Example: handling a single send

import kotlin.time.Duration.Companion.seconds
import kotlinx.coroutines.delay
import org.meshtastic.sdk.RadioClient
import org.meshtastic.sdk.SendFailure
import org.meshtastic.sdk.SendOutcome

suspend fun sendWithRetry(client: RadioClient, text: String, maxAttempts: Int = 3) {
    var attempt = 0
    while (true) {
        attempt++
        val handle = client.sendText(text)
        when (val outcome = handle.await()) {
            SendOutcome.Success -> return
            is SendOutcome.Failure -> when (val reason = outcome.reason) {
                // Transient — back off and retry.
                SendFailure.MaxRetransmit,
                SendFailure.Timeout,
                SendFailure.AckTimeout,
                SendFailure.DutyCycleLimit -> {
                    if (attempt >= maxAttempts) error("gave up after $attempt: $reason")
                    delay((1L shl attempt).seconds) // 2s, 4s, 8s …
                }

                // Topology may change later — caller decides.
                SendFailure.NoRoute -> error("no route to destination")

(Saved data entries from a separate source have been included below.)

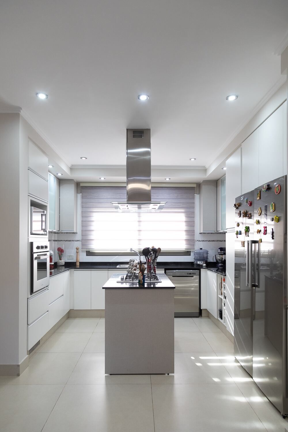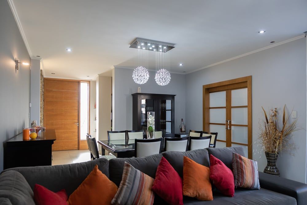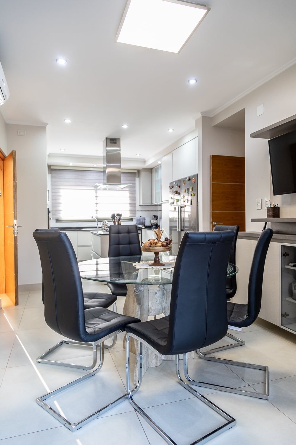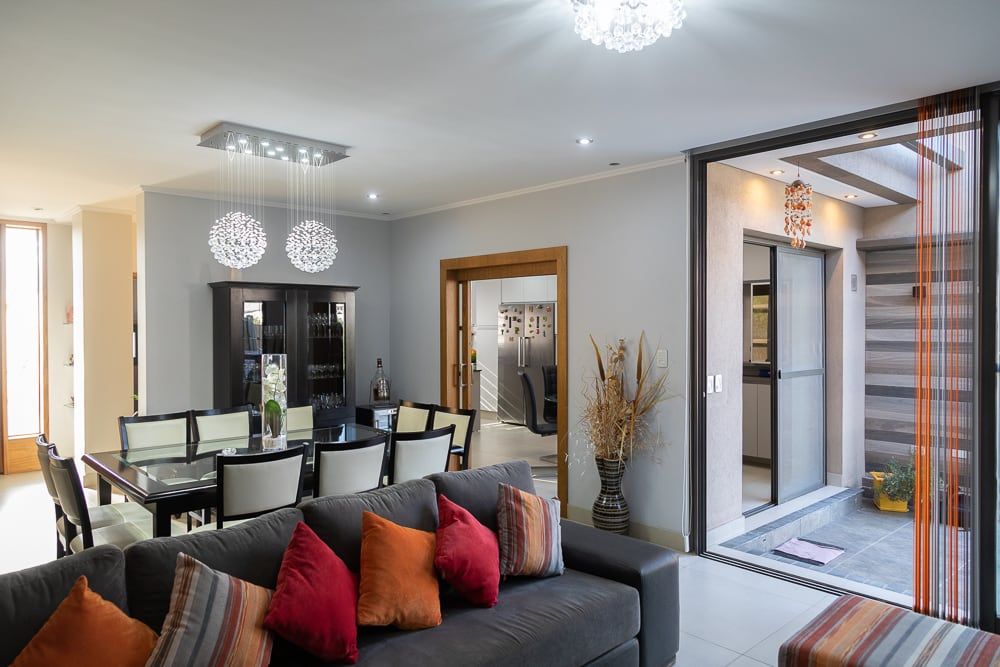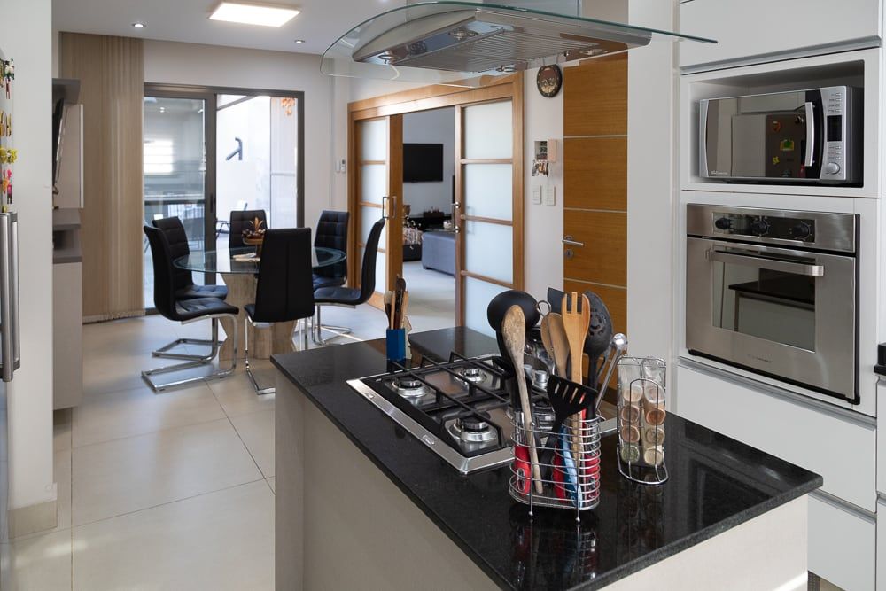 La cocina con isla se integra al comedor diario y forman un ambiente acogedor, donde compartir los momentos típicos de la rutina diaria. Una doble puerta corrediza une el comedor diario con el estar comedor principal, logrando así la ductilidad de estos ambientes de acuerdo a las actividades que se estén desarrollando.
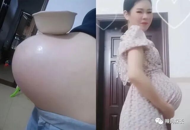 只见这位孕妈妈的肚子,从侧面看又长又尖,突出的肚子与身体像是90度的直角高高隆起。而她又在肚子上放了一个碗,就像放在了桌子般平稳,大家不禁感叹:
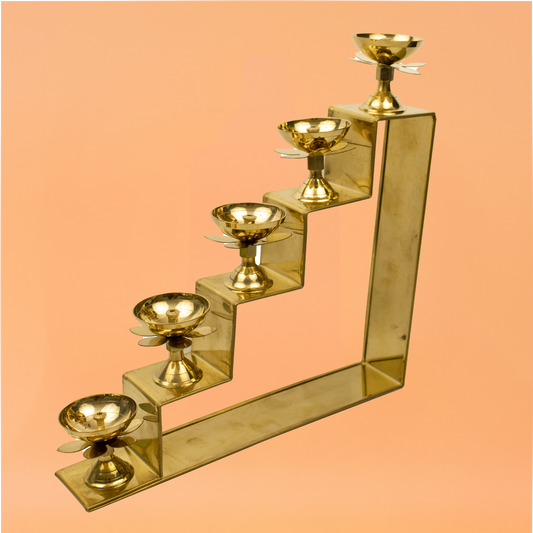Brass Five Step Diya (Pital Panch Sidhi Deepak)
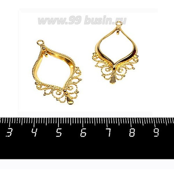 Подвеска-коннектор Филигрань 37*21 мм, позолота 0,45 мк, 1 штука, производство РОССИЯ
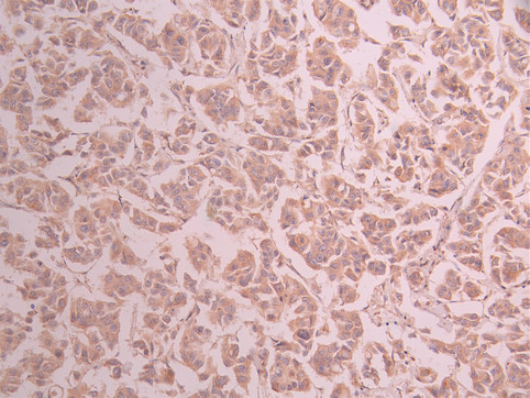 • IHC image of CSB-RA194672A0HU diluted at 1:100 and staining in paraffin-embedded human breast cancer performed on a Leica BondTM system. After dewaxing and hydration, antigen retrieval was mediated by high pressure in a citrate buffer (pH 6.0). Section was blocked with 10% normal goat serum 30min at RT. Then primary antibody (1% BSA) was incubated at 4°C overnight. The primary is detected by a Goat anti-rabbit polymer IgG labeled by HRP and visualized using 0.05% DAB.

                // Connection is gone — caller must reconnect first.
                SendFailure.Disconnected,
                SendFailure.HandshakeFailed -> error("not connected: $reason")

                // Programmer / app bugs — never retry.
                SendFailure.Cancelled,
                SendFailure.IdCollision -> return
                is SendFailure.Other -> error("device reported ${reason.routingError}")
                is SendFailure.Unknown -> error("unknown failure: ${reason.message}")
            }
        }
    }
}

The when (val reason = …) is exhaustive; adding a new SendFailure subtype is a SemVer-major change post-1.0. Any new branch the SDK adds will surface as a compile error in your code, which is the point.

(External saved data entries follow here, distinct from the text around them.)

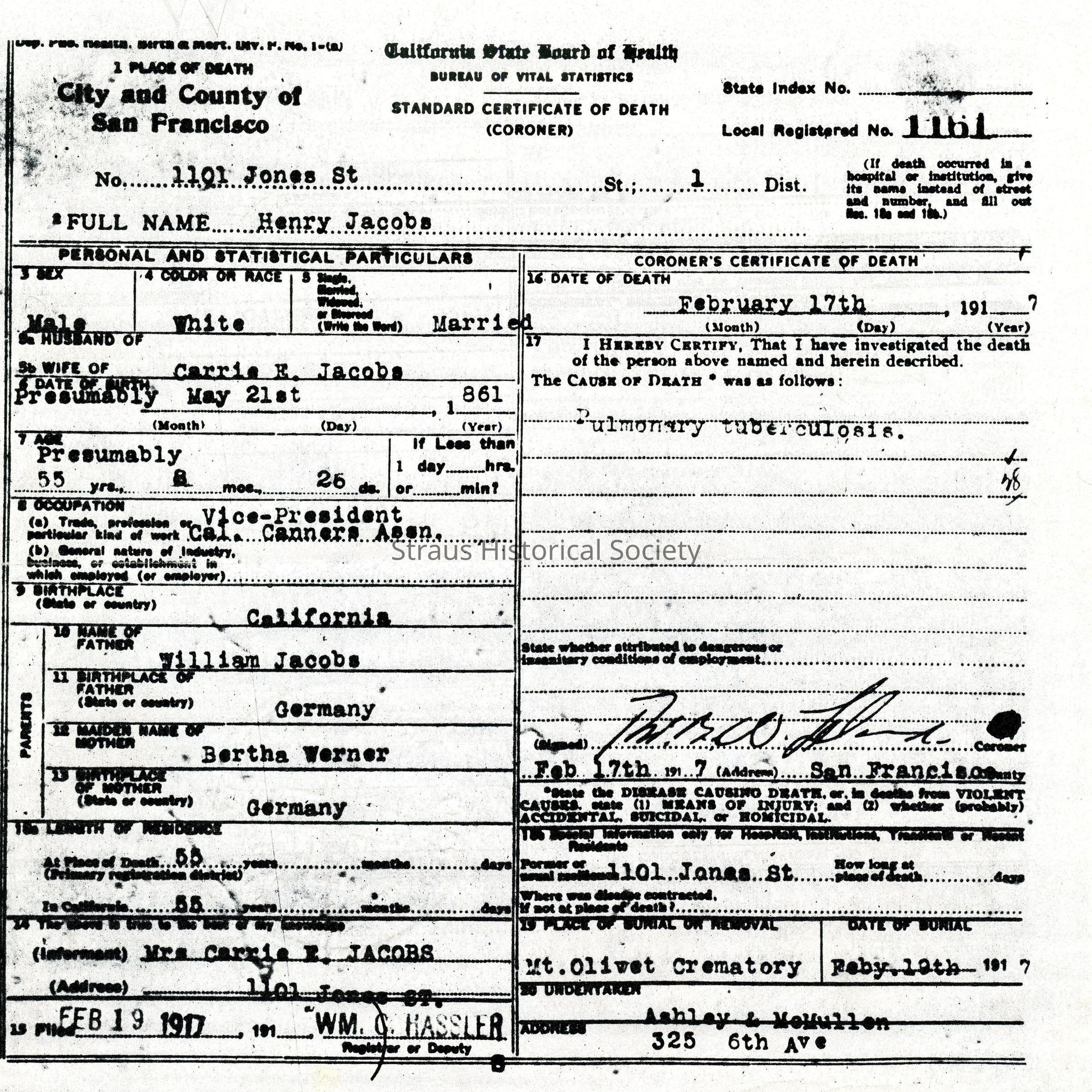 Death Certificate 1161: Henry Jacobs, 1101 Jones Street. 17 February 1917.
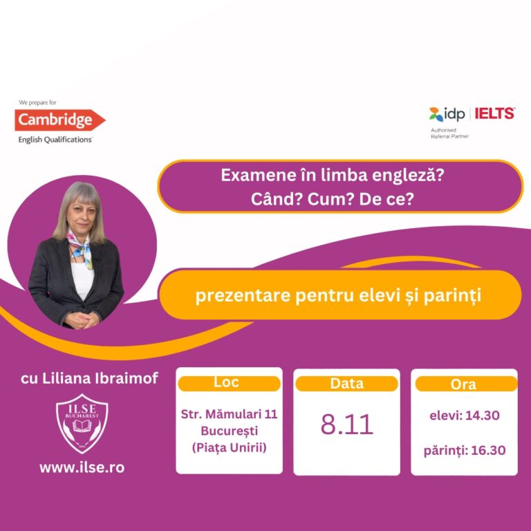 Prezentare pentru părinți și elevi vineri, 8 Noiembrie 2024 la sediul ILSE din București, Str.…
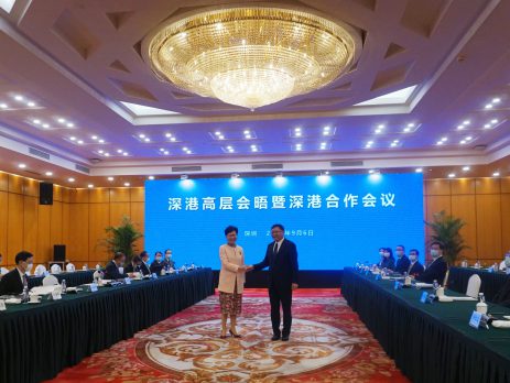 香港特区行政长官林郑月娥今日(6日)率领特区政府代表团往深圳出席深港高层会晤暨2021年深港合作会议。双方就所关心的河套深港科技创新、深港金融互联互通、港大在深办学等各项深港合作议题交换了意见。 会上,深圳市委副书记、市长覃伟中通报近两年深港合作重点工作进展,香港特区政府政务司司长李家超介绍港深合作成果,深圳市副市长郑红波介绍河套深港科技创新合作区深圳园区建设情况,香港特区政府创新及科技局局长薛永恒介绍河套地区创新及科技发展情况,深圳市委常委、副市长艾学峰介绍深港金融论坛和赴港发债工作情况,香港特区政府财经事务及库务局局长许正宇介绍港深金融互联互通情况。 会后,深港双方共同签署了《关于推进河套深港科技创新合作区「一区两园」建设的合作安排》《深圳市人民政府与香港大学关于在深合作办学备忘录》《深圳深港科技创新合作区发展有限公司与香港科技园公司发展「香港科学园深圳分园」框架协议》《深圳国际仲裁院与一邦国际网上仲调中心有限公司合作备忘录》四项重要协议。
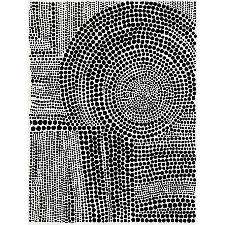 - Features abstract clustered dots subject
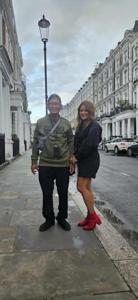 Picture of my dad and me in London. He has retired from nursing but has stayed purpose filled in the Philippines managing and running a 52 hectare farm full of pineapple, coconuts, and rice fields among other things. He oversees several families who work on the farm.
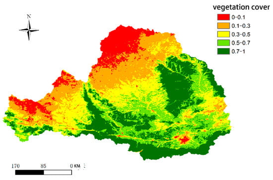 The distribution of average vegetation cover from 2001 to 2017 is shown in Figure 4. Average vegetation cover varies significantly, annually; cover is high in the east and south, and low in the west and north. Areas with higher vegetation cover occur mainly in the northern foothills of Qinling Mountain, and on Liupan, Ziwuling, and Huanglong mountains, where land is mostly forested. Areas with lower vegetation cover occur mainly in barren and sparse grasslands in the northwestern watershed. Vegetation cover throughout this basin may vary because of local natural environments. The climate in the eastern and southern basins is favorable for crop growth, so land cultivation rates and vegetation cover are high (mostly between 0.7 and 1.0); most of the western and northern basins occur on the Loess Plateau, where precipitation is low, the climate is arid, deserts are common, and vegetation cover is low (mostly between 0 and 0.3).
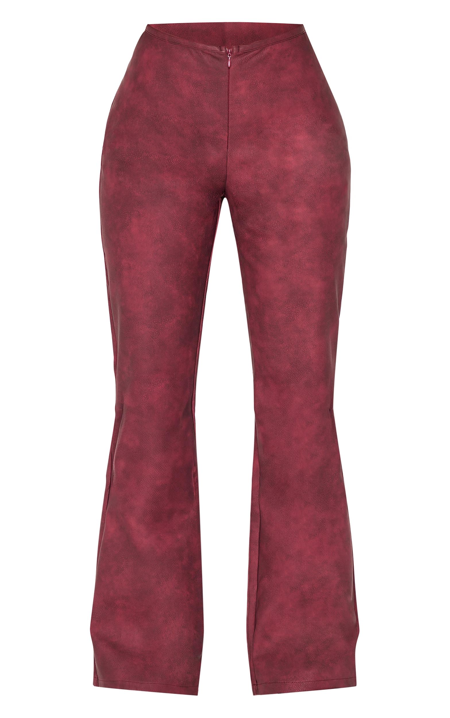 Stay sleek in these petite burgundy faux leather zip front flared pants. Crafted from burgundy faux leather, these pants have zip front detailing and a timeless flared fit. Add the matching top and your go-to pointed toe court heels for a look we're loving right now. Length approx 66cm/26inch (Based on sample size US 2)Model wears size UK 6/ EU 34/ AUS 6/ US 2Model Height - 5ft 2inchp]:!mb-4inch>Brand: PrettyLittleThingCategory: Co-ordsProduct type: FlaredColor: BurgundyMaterial: Faux FeatherDesign: PlainOccasion: Evening

MeshEvent — async warnings and observability

RadioClient.events is a Flow<MeshEvent>. These are non-fatal, session-scoped signals — your session is still alive when they arrive. Source: Node.kt.

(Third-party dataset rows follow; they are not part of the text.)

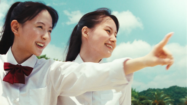 砂浜に飛び込んできた少女が熱心に砂に何かを描くシーンから始まり、工場をバックに2人の少女が帰路につく場面、そして工場夜景へと転換します。
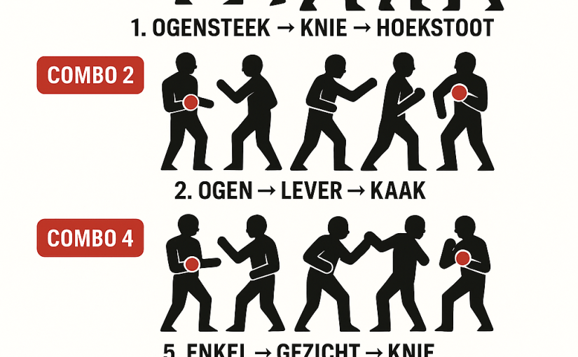 Elke maand wordt één van deze combo’s in de kijker gezet, met aandacht voor zowel techniek als de realistische toepassing binnen zelfverdediging.
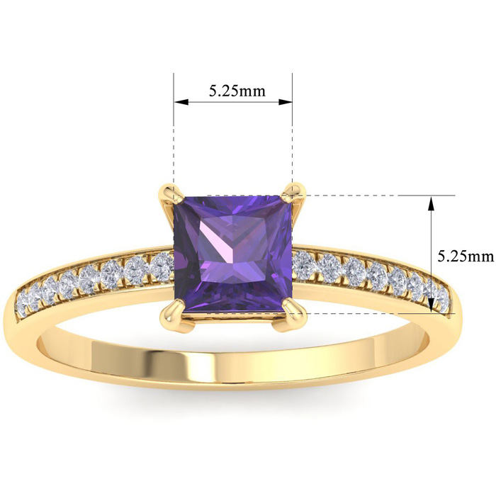 This gemstone ring features one 5.25mm princess shape amethyst gemstone weighing approximately 1 carat. There are 16 sparkling round diamonds in I-J color, I1-I2 clarity totaling approximately 1/4 carat. Total carat weight is 1 carat. This ring is in 14 karat yellow gold.
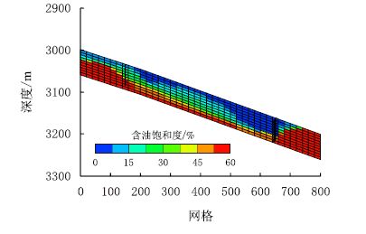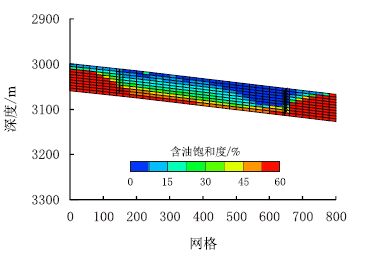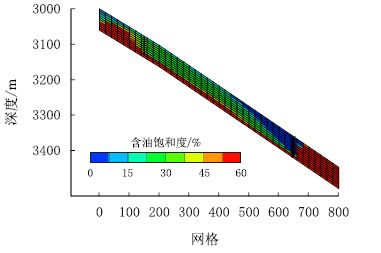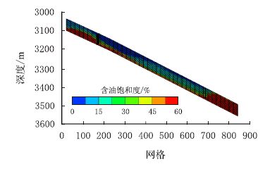 | 图3 倾角35° 时预测期末剩余油分布 Fig. 3 Remaining oil saturation distribution at the end of predictingperiod when dip angle=35° |
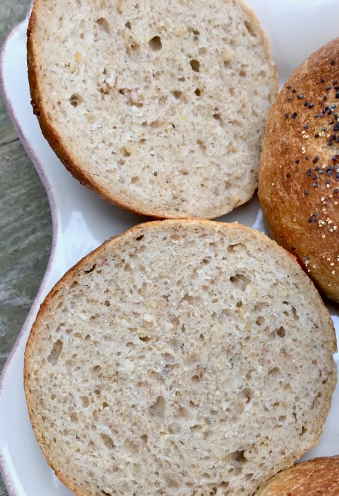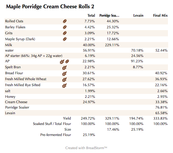 I needed some rolls to eat with all the food we’ve been cooking with our Instant Pot and figured I would make a version of one of my favorites.  Cream cheese always makes for a nice soft crumb and the addition of the maple syrup in the porridge added a little extra sweetness to go along with the honey.
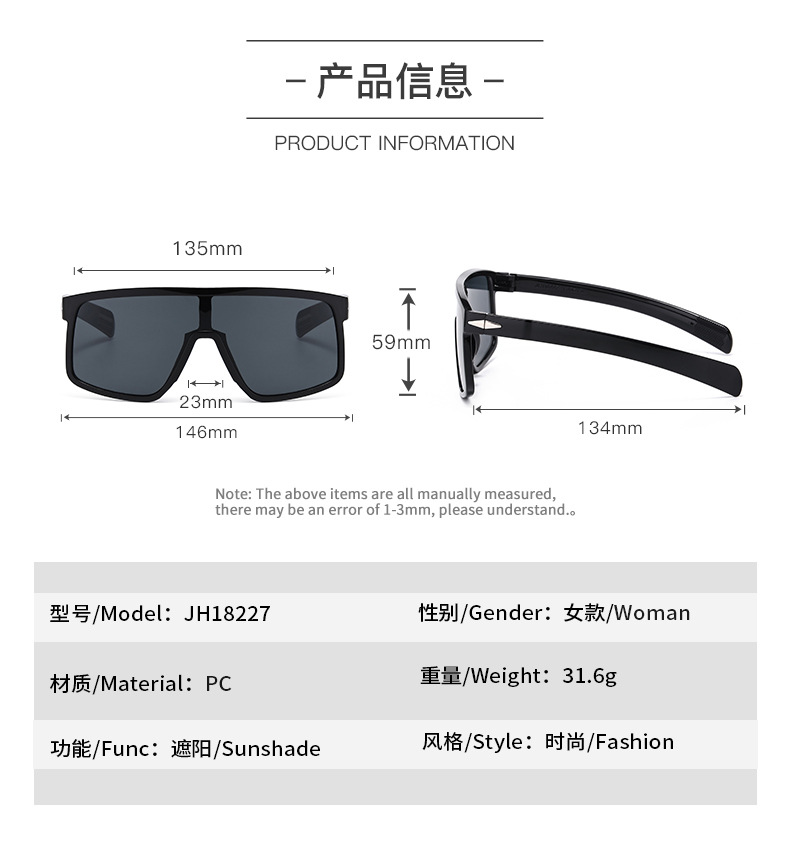 남성과 여성을위한 인터넷 트렌디 한 대형 프레임 원피스 선글라스 고급 감지 자외선 방지 유럽과 미국의 성격 비행가 선글라스스토어 가기

MeshEvent variant Meaning Suggested handling
QueueStatusChanged(status) Device's TX queue depth/state changed. Optional UI hint.
Notification(notification) Device emitted a ClientNotification (firmware-side toast/log). Surface to user if relevant.
TransportError(error) Transport-layer error during an active session (BLE GATT, socket, …). The state flow will move to Reconnecting; show a banner.
ProtocolWarning(message, details) Malformed data, unexpected state, or a recoverable storage retry. May indicate firmware/SDK skew. Log; surface only if persistent.
IdentityRebound(prev, new, reason) The connected device reports a different NodeNum than what was persisted (factory reset / radio swap). Emitted before storage is wiped and the next NodeChange.Snapshot. Snapshot any in-memory state you care about; warn the user that this transport identity now points at a different physical radio.
StorageDegraded(reason) Persistent storage failed (disk full, locked DB, etc.); engine has dropped to in-memory mode for the rest of the session. Emitted at most once per session. Show "session is not being persisted" banner; reconnect to retry.
KeyVerification(prompt) Encryption setup wants user confirmation (Phase 1 placeholder). Show a generic confirm-key UI.
PacketsDropped(flow, count) A consumer-facing flow (packets or events) overflowed its buffer; oldest items dropped. You're collecting too slowly — move work off the collector.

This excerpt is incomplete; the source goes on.